According to FP Canada’s 2026 Financial Stress Index, money remains the leading source of stress for 43 percent of Canadians, ahead of health (21 percent), relationships (17 percent) and work (15 percent).
The report shows that 85 percent of Canadians are now taking steps to manage financial stress, up from 82 percent in 2025.
Tracking expenses is the most common action (42 percent), followed by paying down debt (33 percent) and creating a budget (29 percent).
Saving is gaining importance: 33 percent say they have saved more this year, compared to 29 percent in 2025.
Zena Amundsen, CFP and owner of Astra Financial Services in Regina, Sask., said “Canadians are taking matters into their own hands, while juggling everyday expenses like groceries and huge purchases like a home.”
She described it as “encouraging to see more Canadians choosing to save their hard-earned dollars” and said this shows they are trying to improve their financial well-being.
Everyday costs sit at the core of that stress.
Groceries are the most significant pressure for households, cited by 64 percent of respondents.
Concerns about inflation have eased, dropping to 55 percent in 2026 from 63 percent in 2023, but worries about rising housing prices have increased from 20 percent in 2023 to 25 percent in 2026.
Financial stress looks different across life stages.
Among younger Canadians aged 18–34, 47 percent say saving for major purchases is a source of financial stress.
Job and income stability concerns 38 percent, and 27 percent cite investing as a key stressor.
To relieve pressure, 42 percent of younger Canadians say they saved more, and 35 percent created a budget.
Canadians aged 35–54 report stress centred on ongoing obligations and long-term goals.
Almost half (48 percent) say bill payments and day-to-day expenses cause financial stress.

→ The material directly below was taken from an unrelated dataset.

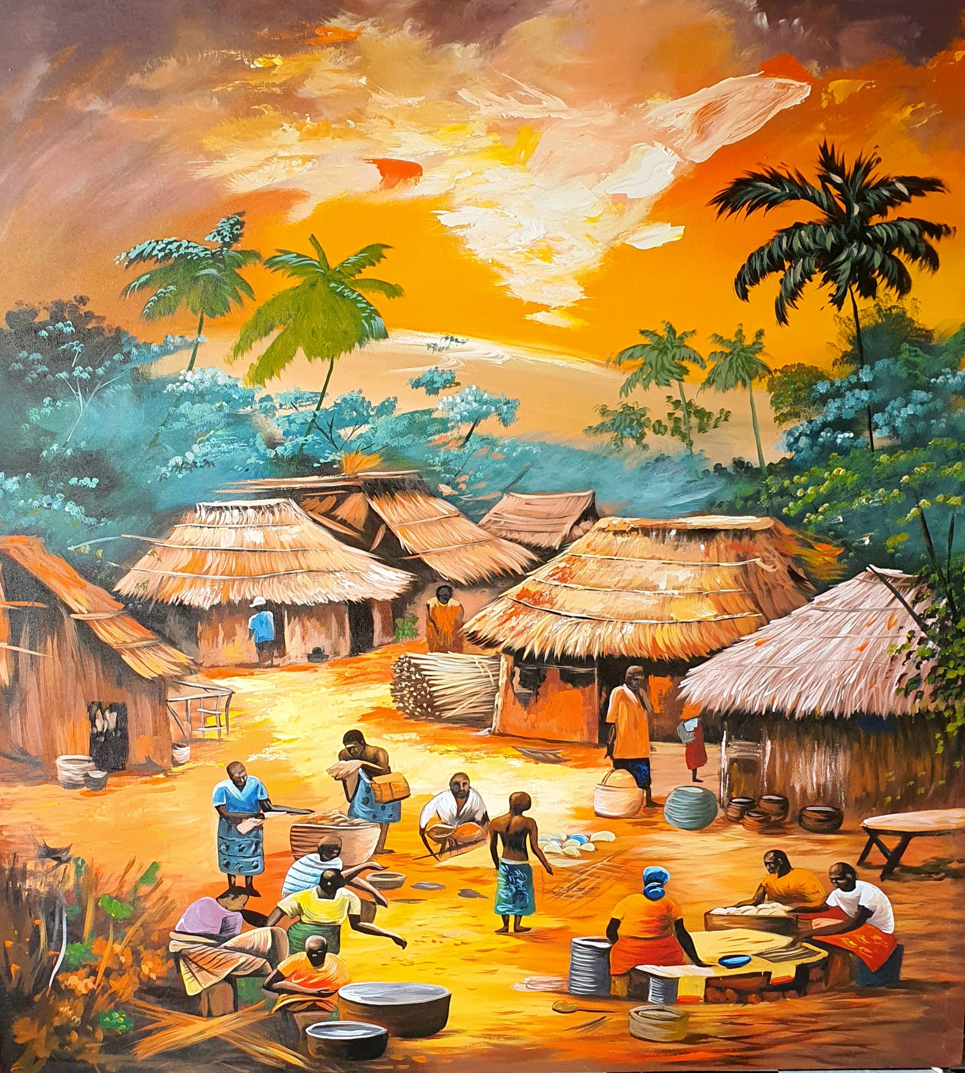 This vibrant abstract painting captures the dynamic spirit of a village where people are engaged in various forms of labor. Through bold colors and expressive forms, it conveys the energy and community inherent in daily work. Ideal for those who appreciate art that celebrates human effort and cultural vitality, this piece adds depth and movement to any space.
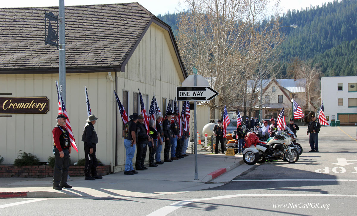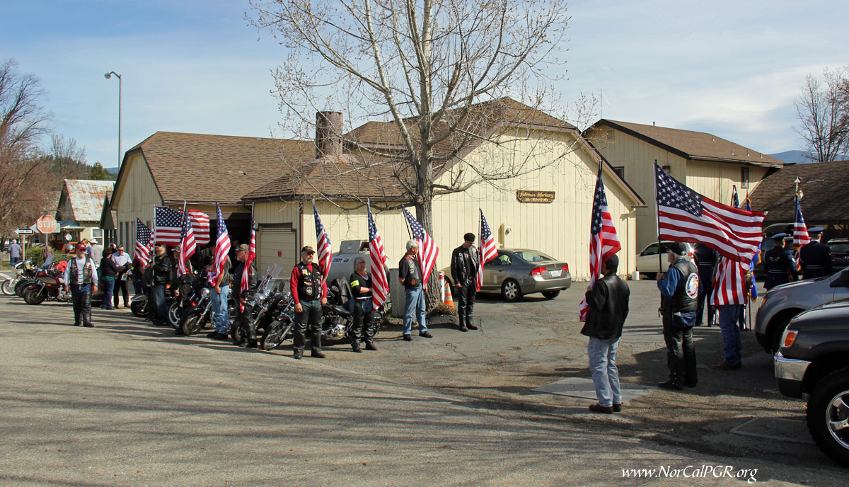 I would like to give a special thanks to Reno Nevada PGR Asset State Captain Bill Drummond and his contingent and who traveled to assist the Susanville PGR stand Honor Line with American Flags during this Mission. Also present with our Patriot Guard Riders we had a great representation of many groups on this Mission.

Saving enough for retirement worries 46 percent, while 39 percent point to debt.
In this group, 40 percent say they paid down debt to reduce their financial stress.
Working with a planner stands out as a clear differentiator in the results.
Canadians who work with a financial professional, such as a Certified Financial Planner professional or a Qualified Associate Financial Planner professional, are less likely to name money as their top source of stress (34 percent) than those who do not (48 percent).
They are also less likely to lose sleep over finances (41 percent) compared to 55 percent of those who do not work with a planner.
Respondents who work with a financial planner feel more hopeful about their financial future than they did a year ago: 57 percent say they feel more hopeful, versus 47 percent of those without professional support.
Tashia Batstone, president and CEO of FP Canada, said “Canadians are feeling financial pressures that continue to cause them stress.”
She said the report shows that Canadians who work with a professional financial planner report different levels of financial stress, and that CFP professionals and QAFP professionals serve people with a range of financial needs.
The 2026 Financial Stress Index is the ninth edition of the national survey conducted by Leger.